● SUPPLIED INFORMATION:
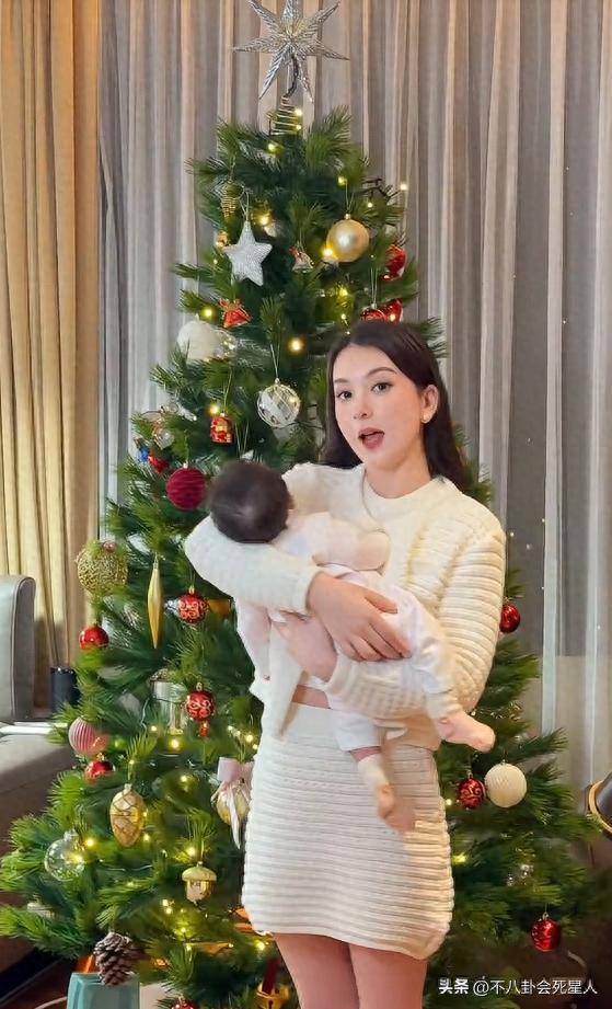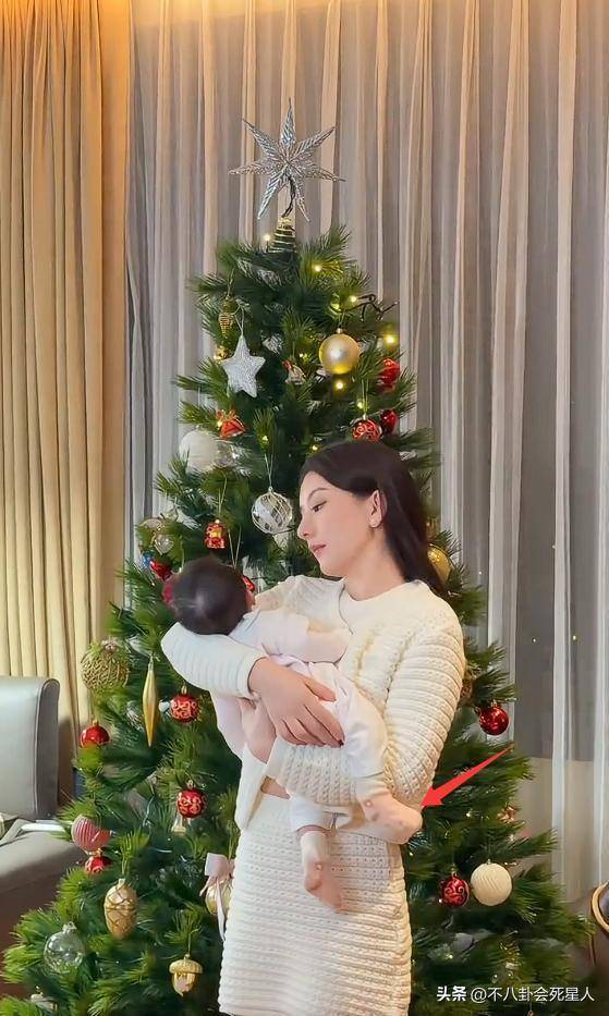 方媛站在家里的圣诞树前面,一身白色套装怀里抱着小宝宝,孩子穿的是一双粉色的袜子,从这点基本能断定出孩子的性别了。
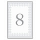 As modernas placas de números de tabela inspiradas em Marrocos apresentam uma fronteira geométrica em cinzas de prata pálidas etéreas e brancas, ao redor do número de sua mesa em cinzas médias. Design repete-se no lado oposto. Coordena-se com a nossa suíte de convite para casamento árabe em Silver Pearl.
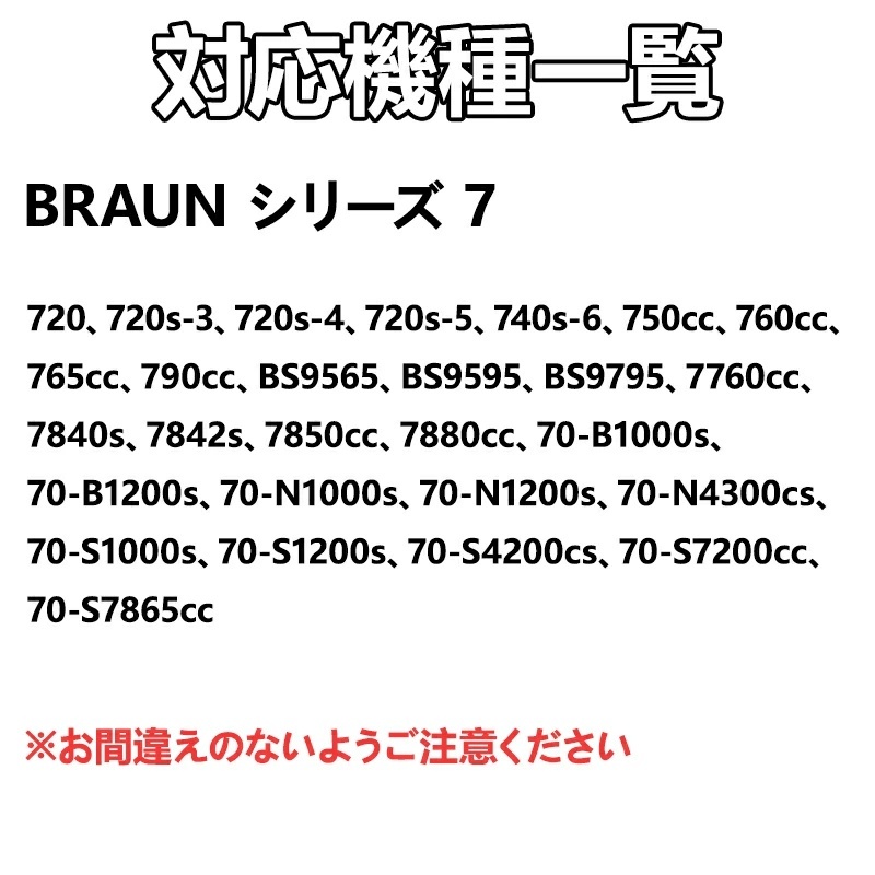 商品番号: YY938 【ご注意ください】 本製品は互換品となります。 ブラウン社の純正品・正規品ではございませんので、あらかじめご了承ください。 【動作確認済み】 ブラウン製シェーバーの対応機種にて、装着・動作確認を行っております。 【対応機種について】 ブラックとシルバーの違いは、持ち手のカラーのみです。 対応機種や性能に違いはありませんので、お好みに合わせてお選びください。 ・ブラック 720s-7 740s-7 790cc-4LDE、790cc-5LDE、790cc-7LDE、790cc BOSS ・シルバー 720、720s-3、720s-4、720s-5、720s-6、740s-6 750cc、750cc-3、750cc-4、750cc-5、750cc-6、750cc-7 760cc、760cc-3、760cc-4、760cc-5、760cc-6、760cc-7 765cc、765cc-3、765cc-4、765cc-5、765cc-6、765cc-7 790cc、790cc-3、790cc-4、790cc-5、790cc-6、790cc-7 BS9565、BS9566、BS9581、BS9585、BS9591、BS9595 BS9781、BS9782、BS9785、BS9791、BS9795 7720s、7720s-P、7760cc 7840s、7840s-P、7840s-SP、7842s、7842s-P 7850cc、7850cc-SP、7850cc-SP1、7855s、7855s-P 7865cc、7867cc、7880cc、7893s、7893s-SP、7893s-SP1 7897cc、7898cc、7898cc-P、7899cc、7899cc-P その他、以下ブラウン社の替刃に対応するすべてのシェーバーでご利用できます。 ・F/C70B-3 ・F/C70S-3Z、F/C70S-3、F/C70S
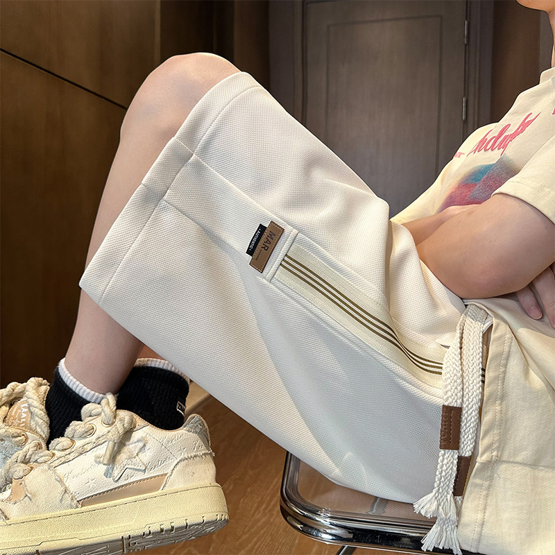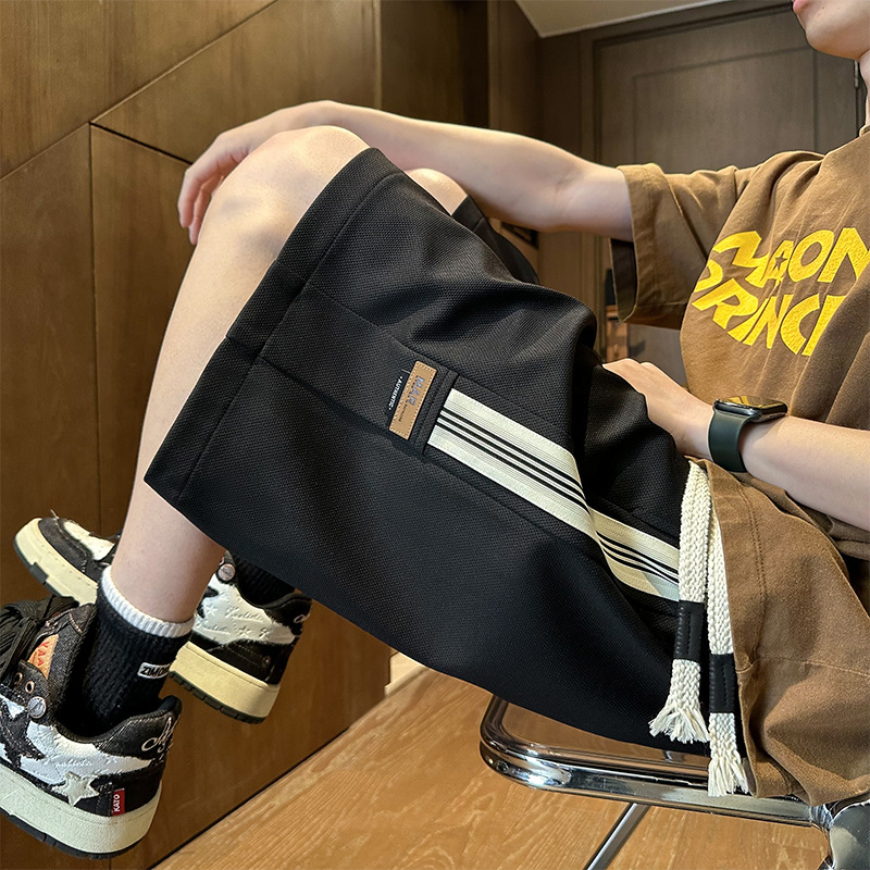 美式休闲短裤男士夏季潮牌运动篮球中裤条纹宽松大码阔腿五分裤子
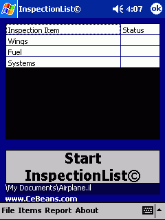 This program allows you to compose an inspection list. When you do the inspection simply move the joypad left/right to verify that the item was inspected.
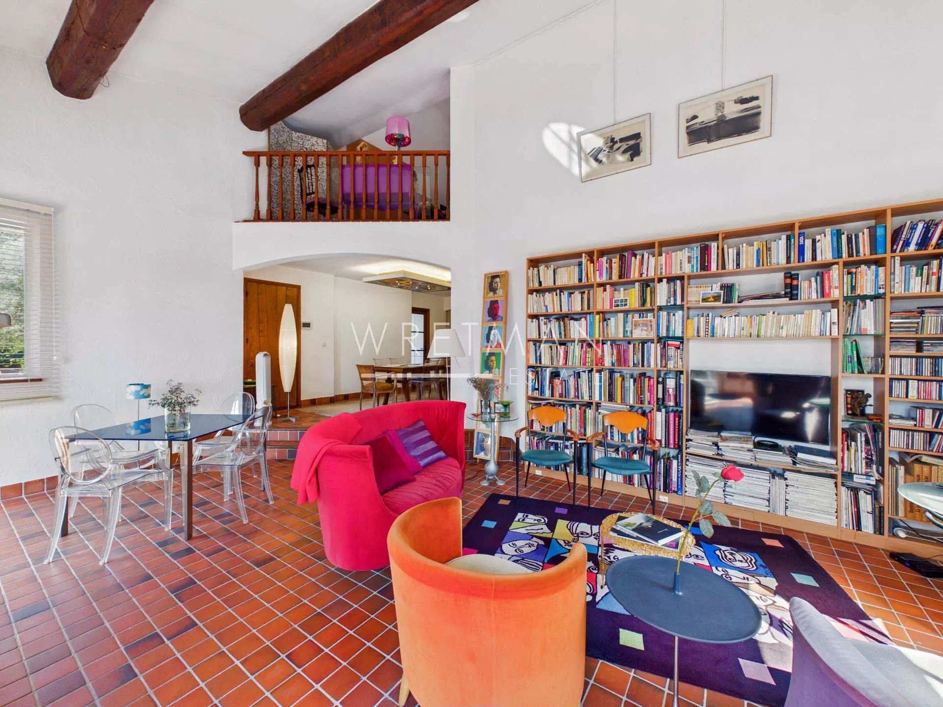 Le rez-de-chaussée vous offre un vaste et lumineux séjour de 50 m² avec plafond cathédrale, cheminée et espace salle à manger, donnant sur une grande terrasse. Vous trouverez également une cuisine équipée avec accès à la terrasse, ainsi qu'une chambre avec salle de bain et dressing.
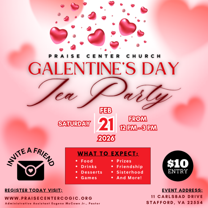 We would like to Formally Invite you to the 2nd Annual Youth Galentines Day Tea Party Hosted by Administrative Assistant Eugene C. McCown Jr, Pastor of Praise Center COGIC. Join…
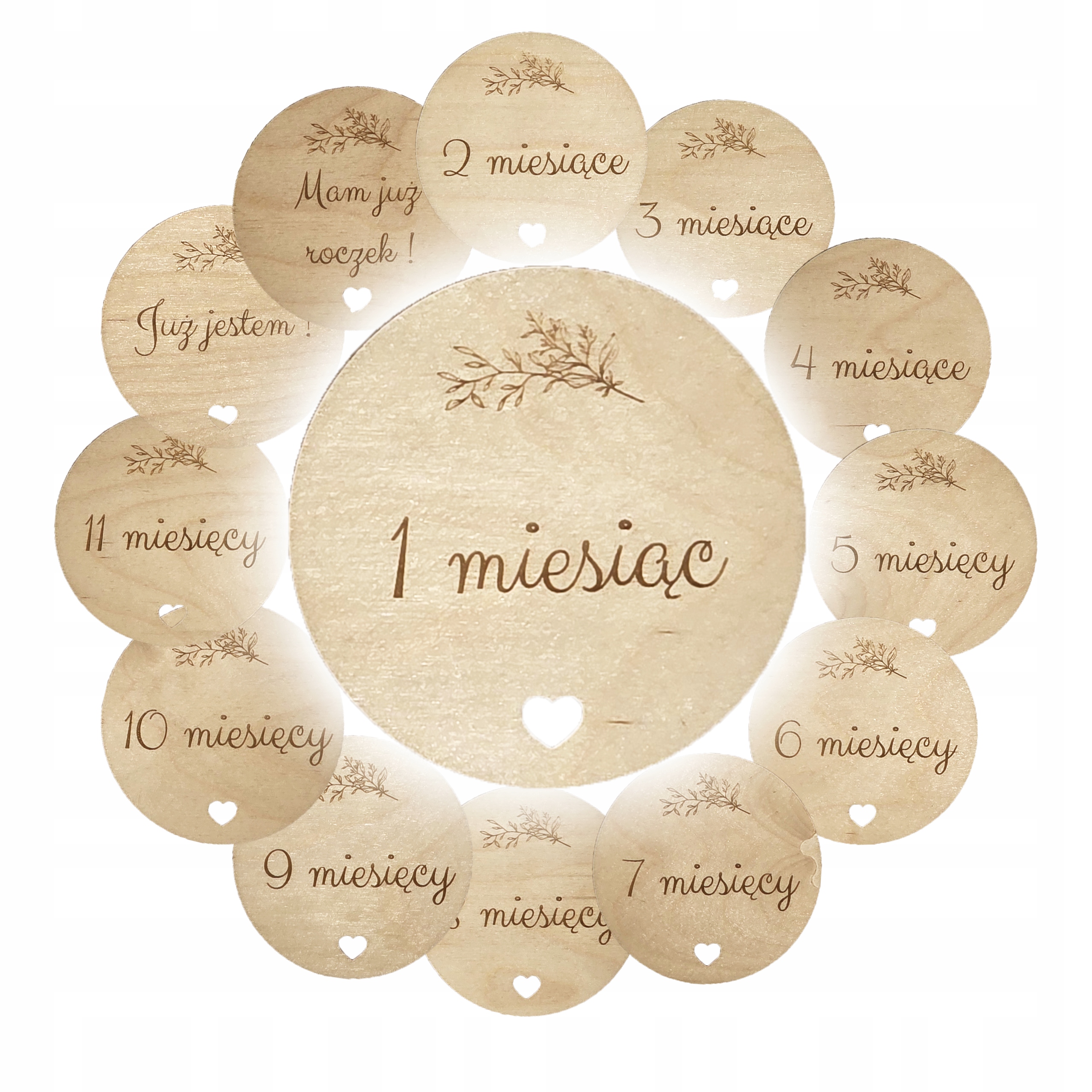 Захопіть унікальні моменти з першого року вашої дитини з нашим набором дерев’яних тарілок! Набір містить 13 ретельно зроблених тарілок, кожен з них означає один місяць життя вашої дитини - від 1 до 12. Ідеально для фотографування та документування цінного часу, який проходить так швидко.
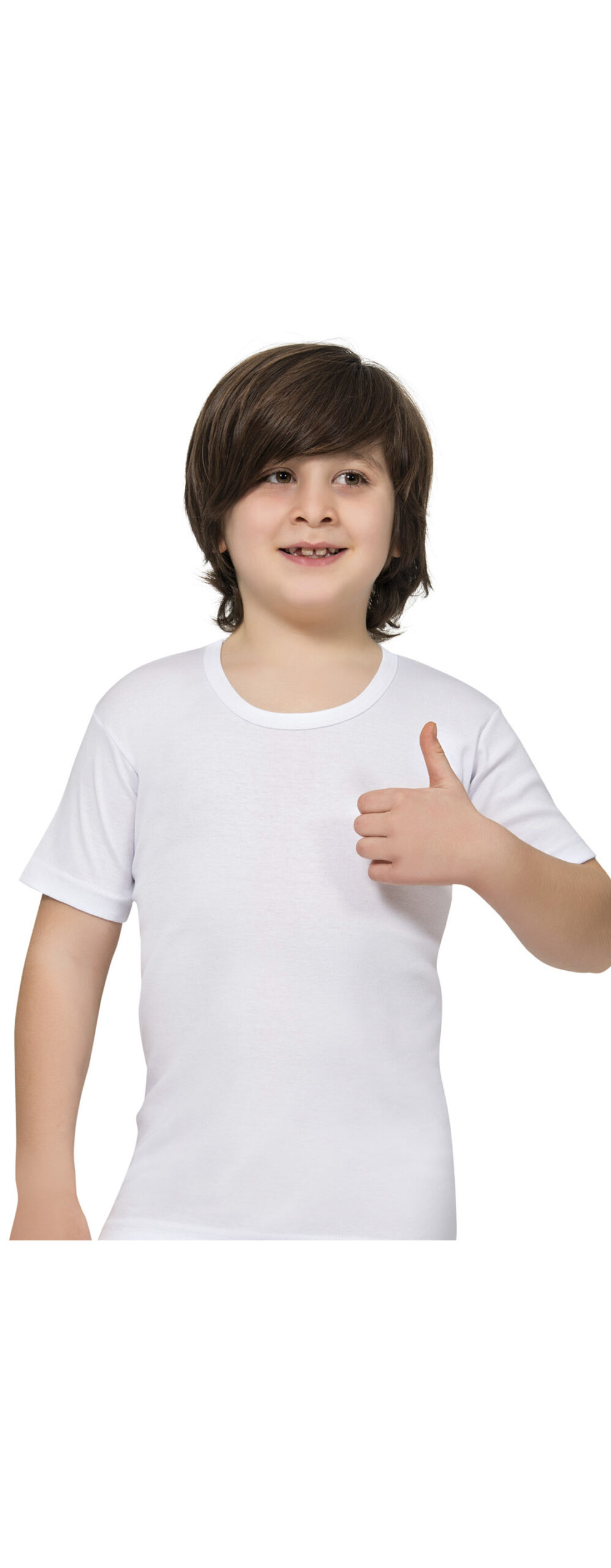 Παιδική βαμβακερή κοντομάνικη φανέλα σε λευκή απόχρωση. Είναι ιδανική για καθημερινή χρήση.
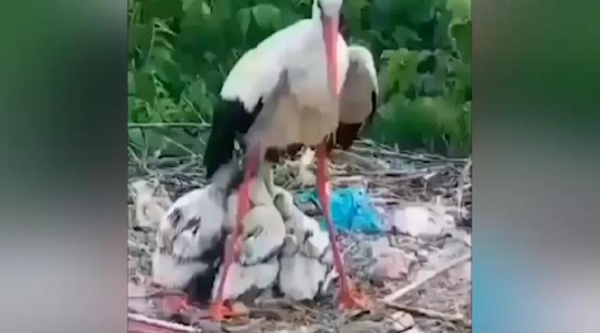 از خودگذشتگی لک لک مادر برای جوجههایش +فیلم
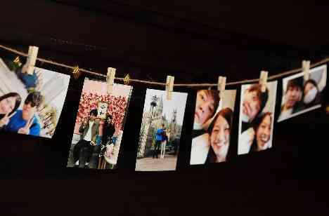 お2人が出逢ってから、今までの想い出がたくさん詰まったお写真をウッドピンチを使って、ウェルカムスペースに飾りました。 ゲストの皆様も1枚1枚の写真を見ながら、お2人が出逢ってからのストーリーを知っていただけました。
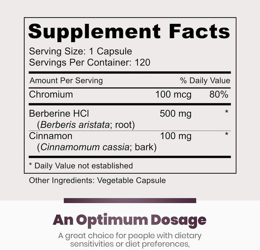 Organic Berberine HCl 500mg Capsules - 120 Count for Heart, Gut & Immune Health - With Chromium & Cinnamon for Added Support
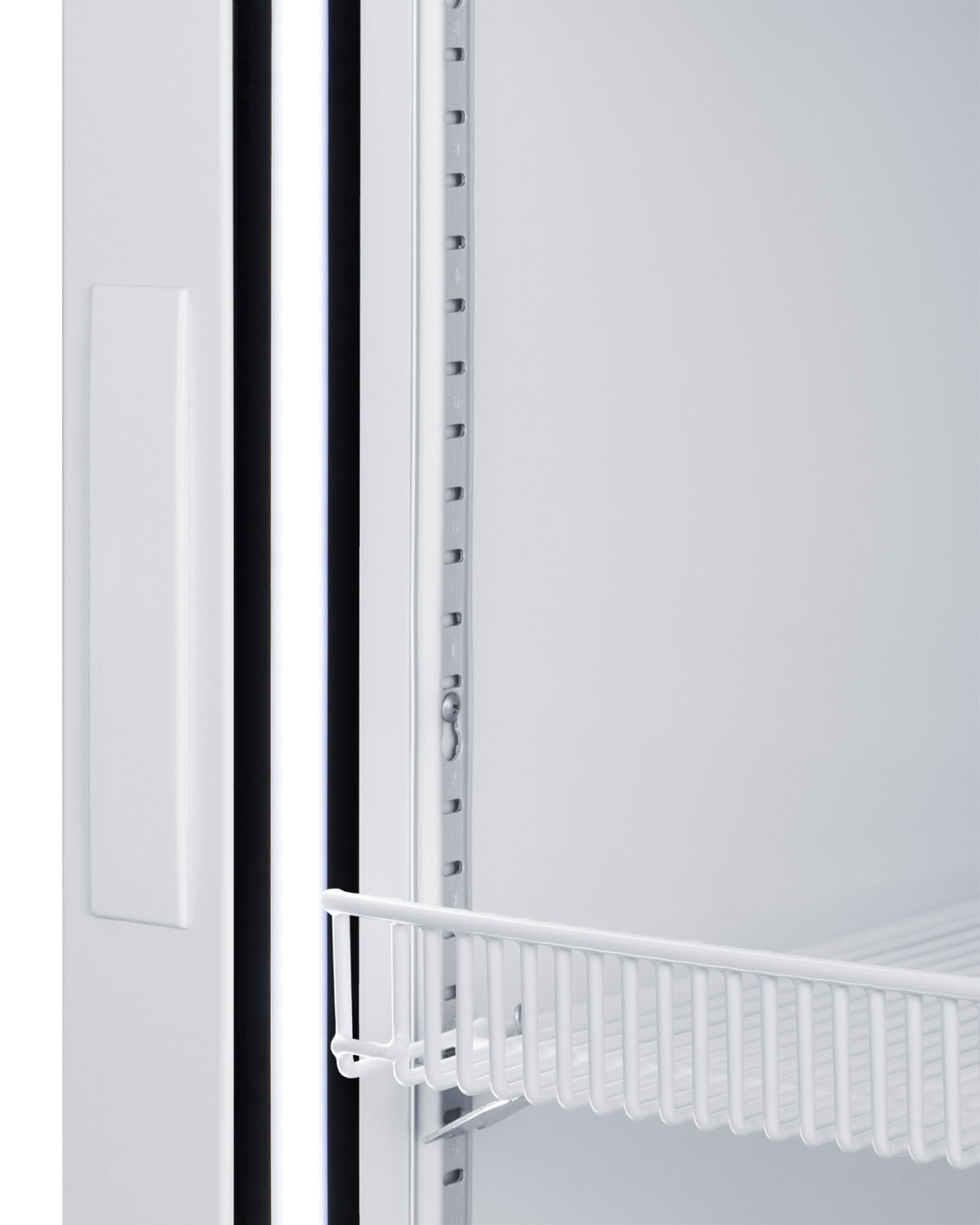 Made in North America, the Summit SCR801G is a slim-fitting all-refrigerator uniquely sized at 21" W x 22" D. It comes in a clean white cabinet to suit any space, with a double pane tempered glass door to provide a full display of stored items. LED lighting inside the door panel helps to boost impulse sales, while the self-closing feature protects beverages by ensuring they're not accidentally left exposed to ambient room temperatures. This unit includes a factory-installed keyed lock for security as needed. It comes with a non-reversible right hand door swing.
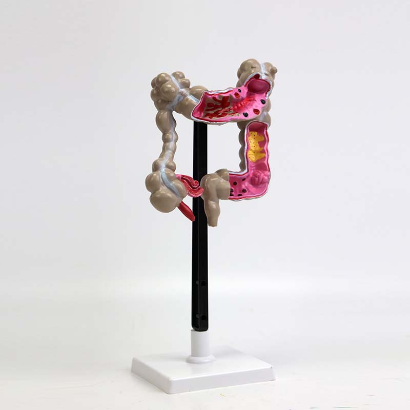 本模型展示人體結腸正常結構與多種典型病理變化,直觀呈現結腸息肉、炎癥、潰瘍、梗阻及腫瘤等病變形態與部位,對比清晰、病灶明顯,用于醫學教學、健康科普及臨床病理演示,幫助理解結腸疾病特征與危害。
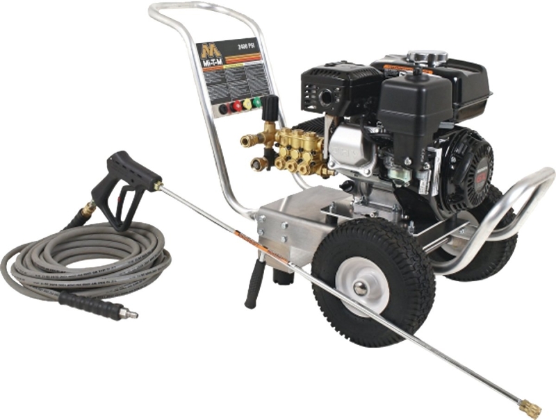 Aluminum pressure washer is lightweight, yet durable unit that is also extremely easy to handle. The engine has low oil protection and a direct drive triplex piston pump with ceramic plungers, adjustable pressure and a forged brass manifold. 2400 psi, 2.4 gpm, 196 cc engine is Honda OHV, 39 x 20-1/2 x 24-1/2 in, weight 73 lb. Includes thermal relief valve, stainless steel and brass unloader, in line water strainer, insulated trigger gun with safety lock off and a 36 in lance with rubber grip. Rental.Item Specifications

● TRY IT:
Write the lines from the one containing "از خودگذشتگی لک لک مادر برای جوجههایش +فیلم" through the end of the data above exactly as they appear, and do not carry over any picture.

● SOLVED PROBLEM:
 از خودگذشتگی لک لک مادر برای جوجههایش +فیلم
 お2人が出逢ってから、今までの想い出がたくさん詰まったお写真をウッドピンチを使って、ウェルカムスペースに飾りました。 ゲストの皆様も1枚1枚の写真を見ながら、お2人が出逢ってからのストーリーを知っていただけました。
 Organic Berberine HCl 500mg Capsules - 120 Count for Heart, Gut & Immune Health - With Chromium & Cinnamon for Added Support
 Made in North America, the Summit SCR801G is a slim-fitting all-refrigerator uniquely sized at 21" W x 22" D. It comes in a clean white cabinet to suit any space, with a double pane tempered glass door to provide a full display of stored items. LED lighting inside the door panel helps to boost impulse sales, while the self-closing feature protects beverages by ensuring they're not accidentally left exposed to ambient room temperatures. This unit includes a factory-installed keyed lock for security as needed. It comes with a non-reversible right hand door swing.
 本模型展示人體結腸正常結構與多種典型病理變化,直觀呈現結腸息肉、炎癥、潰瘍、梗阻及腫瘤等病變形態與部位,對比清晰、病灶明顯,用于醫學教學、健康科普及臨床病理演示,幫助理解結腸疾病特征與危害。
 Aluminum pressure washer is lightweight, yet durable unit that is also extremely easy to handle. The engine has low oil protection and a direct drive triplex piston pump with ceramic plungers, adjustable pressure and a forged brass manifold. 2400 psi, 2.4 gpm, 196 cc engine is Honda OHV, 39 x 20-1/2 x 24-1/2 in, weight 73 lb. Includes thermal relief valve, stainless steel and brass unloader, in line water strainer, insulated trigger gun with safety lock off and a 36 in lance with rubber grip. Rental.Item Specifications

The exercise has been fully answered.